Не знаю, зачем он это говорил, просил… ведь на этот момент у меня (так же, как и у него) не было иного пути. И я продолжал слышать напутственные слова моего дорогого главного дхисадажа, сказавшего: «Абы нынче от вас так много зависит, быть может, мириады жизней существ, людей, созданий, как вежаруджановских, так и гиалоплазматических». И я должен был… должен был его поглотить, чтобы показать свою силу, чтобы спасти те мириады жизней.

Потому я срыву шагнул вперед, чувствуя, как некогда испытываемая к Адимахань теплота сменилась на ненависть, оную я мог остановить лишь поглотив его сознание. Ужель так я себя взбудоражил. И тотчас ближайшие матки-маскулине, так и не поднявшиеся на ноги, отклонились в стороны, предоставляя мне проход. Да с той же грубостью, толком не успев приблизиться, я крепко пнул левой ногой в бок лежащего Адимахань, сразу придавив его к поверхности полосы, и жестко процедил:

– Все лазаете по Веж-Аруджану, по гиалоплазматическим Галактикам! Ищите неприятности, вершите беды… Не будет пощады ни тебе, ни ВианикшиДамо!

Еще сиг и моя левая стопа прошла сквозь слои в теле Адимахань, внутри вроде как встряхнув их вверх, вниз. Самая толика того давления и слои внутри фигуры сознания, дотоль располагающиеся друг над другом, неожиданно сотряслись, принявшись терять собственную вязкость, становясь жидкой субстанцией и его содержимое стало на глазах уменьшаться. Адимахань еще кажется вскрикнул:

– Прошу!

Но когда я рыкнул: «Заткнись!» внезапно моему крику (в который я вложил сейчас не столько гнев, сколько страх ребенка) позади меня отозвалось более низкое и продолжительное колебание гиалоплазмы. Так, ровно там кто-то услышал меня, и отозвался беспокойством. И это явственно тревожное участие я принял на свои плечи, сразу поняв, что его выплеснул ни Ананта Дэви, ни прабха стоящие позади, а некто иной, более мощный, масштабный, что ли.
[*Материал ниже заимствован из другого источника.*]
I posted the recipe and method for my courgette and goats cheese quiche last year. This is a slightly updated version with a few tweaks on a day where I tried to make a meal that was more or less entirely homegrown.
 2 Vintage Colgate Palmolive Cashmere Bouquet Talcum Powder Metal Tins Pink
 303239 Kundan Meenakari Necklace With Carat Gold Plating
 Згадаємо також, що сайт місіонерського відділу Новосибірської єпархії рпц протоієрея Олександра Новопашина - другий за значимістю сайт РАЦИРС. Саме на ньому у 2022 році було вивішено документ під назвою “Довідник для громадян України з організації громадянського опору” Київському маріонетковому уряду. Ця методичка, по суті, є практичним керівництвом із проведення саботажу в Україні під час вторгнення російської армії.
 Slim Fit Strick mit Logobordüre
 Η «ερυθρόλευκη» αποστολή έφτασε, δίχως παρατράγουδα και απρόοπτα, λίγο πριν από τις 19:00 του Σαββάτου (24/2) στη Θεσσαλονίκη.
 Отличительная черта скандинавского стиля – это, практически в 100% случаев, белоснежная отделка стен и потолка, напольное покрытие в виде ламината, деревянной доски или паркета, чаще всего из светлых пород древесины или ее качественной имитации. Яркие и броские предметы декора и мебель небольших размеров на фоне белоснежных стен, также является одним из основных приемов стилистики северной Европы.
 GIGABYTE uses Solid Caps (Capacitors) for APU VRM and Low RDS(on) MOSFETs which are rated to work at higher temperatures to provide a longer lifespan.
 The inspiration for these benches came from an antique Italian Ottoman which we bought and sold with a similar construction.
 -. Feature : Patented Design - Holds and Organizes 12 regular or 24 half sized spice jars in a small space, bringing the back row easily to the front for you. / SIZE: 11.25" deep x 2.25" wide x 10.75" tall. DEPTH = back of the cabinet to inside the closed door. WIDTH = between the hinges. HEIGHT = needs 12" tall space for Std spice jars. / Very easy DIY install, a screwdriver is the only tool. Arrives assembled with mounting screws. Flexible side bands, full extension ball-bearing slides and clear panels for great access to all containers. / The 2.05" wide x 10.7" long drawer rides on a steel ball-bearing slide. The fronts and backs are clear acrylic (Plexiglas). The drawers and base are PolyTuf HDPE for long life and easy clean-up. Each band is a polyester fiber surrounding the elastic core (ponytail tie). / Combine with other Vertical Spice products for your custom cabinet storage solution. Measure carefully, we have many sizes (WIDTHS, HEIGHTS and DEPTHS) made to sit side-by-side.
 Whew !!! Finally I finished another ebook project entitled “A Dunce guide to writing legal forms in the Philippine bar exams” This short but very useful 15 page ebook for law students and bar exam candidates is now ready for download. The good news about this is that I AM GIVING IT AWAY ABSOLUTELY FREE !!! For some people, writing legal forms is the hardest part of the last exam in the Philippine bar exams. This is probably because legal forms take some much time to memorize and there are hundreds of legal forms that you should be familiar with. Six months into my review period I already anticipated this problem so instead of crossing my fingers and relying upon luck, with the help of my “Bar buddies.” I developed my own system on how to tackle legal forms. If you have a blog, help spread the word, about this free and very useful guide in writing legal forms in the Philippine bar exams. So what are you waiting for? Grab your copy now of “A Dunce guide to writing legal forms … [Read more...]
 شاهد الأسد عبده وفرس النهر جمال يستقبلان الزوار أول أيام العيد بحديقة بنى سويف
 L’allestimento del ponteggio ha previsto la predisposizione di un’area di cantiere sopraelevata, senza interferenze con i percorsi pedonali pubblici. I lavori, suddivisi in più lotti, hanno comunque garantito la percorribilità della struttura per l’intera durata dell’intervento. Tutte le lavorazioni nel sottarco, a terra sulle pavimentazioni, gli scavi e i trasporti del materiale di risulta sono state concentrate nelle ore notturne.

Легкая зябь, которая сотрясала перетекающего и тающего в размерах Адимахань, вдруг стала ощущаться сильнейшей вибрацией в моей левой ноге. Сперва в ее пальцах, засим всей стопе, продвигаясь вверх к колену, в единый морг делая саму ногу тяжело-неподъемной, каменеющей. И также наблюдаемо всасывая внутрь моего сознания смешавшиеся слои Адимахань, каковые сразу формировали дополнительные нити возле кристаллической спирали, делая мою левую конечность еще более плотным каркасом. Я резко придавил, поколь подвластной мне ногой, остатки сознания и они слышимо хлюпнув, ворвались внутрь меня, произведя ощутимый толчок. Кой я предполагал, потому не упал, как в прежний раз, а только легошенько качнулся и единожды развернулся вполоборота, теперь увидев и самих коленопреклоненных маток-маскулине, наблюдающих за моими действиями, и замерших Ананта Дэви и Ларса-Уту.

Впрочем, стоило мне только развернуться, как сразу за сурьевичем и прабхой, вельми удаленно, вновь, что-то низко и продолжительно застучало. А мгновением погодя в черной с легким перламутровым дымкой гиалоплазме, точно прорезая ее насквозь, проявилась с чуть зримым круглым неровным, серебристым ободком брешь, из нее вырвался фонтанирующий в истоке ярко белый комок, каковой в свой черед плеснул долгий белый луч света. Неровный, и, тут прихваченный по окоему мельчайшими, голубыми крапинками, луч пролился вниз туманным светом, и, в нем проявилась фигура статного, могучего создания, будто ратника, воина облаченного в белую плетенную из мелких металлических колец кольчужную рубаху, прикрывающую туловище и плечи, скрывающую ноги. Этот ратник держал в руке меч, точно опираясь правой ладонью на рукоять, сияющую серебристыми переливами и завершающуюся на конце шишкообразным, рудного цвета набалдашником. Также прекрасно созерцался длинный белый клинок меча, блистающий тонкостью лезвия заточенного с двух сторон. Да только я смотрел не столько на его одежду, и даже не на подобную моей бело-перламутровую кожу… я смотрел на его голову. Абы на треугольно-выпуклой голове воина, без признаков ушей, и, как такового привычного лица, носа, скул, по бокам располагались крупные глазницы, поверх которых, едва их касаясь, пролегали слегка приподнимающиеся рогообразно-изогнутые костяные выросты, покрытые мельчайшими чешуйками и мелкими волосками. Сами глаза с растянутыми и чуть вскинутыми вверх уголками, в красно-розоватых радужках которых находились поперечно продолговатые, щелевидные с рядом отверстий пурпурные зрачки, сейчас были стянуты в узкую полоску, ровно создание к кому приглядывалось. Вельми, так сказать, повторяющий мои черты, сей проявленный образ в супротив моего имел лишь один рот, расположенный, как и у меня, на месте подбородка, направленный вниз и окаймленный розовыми губами.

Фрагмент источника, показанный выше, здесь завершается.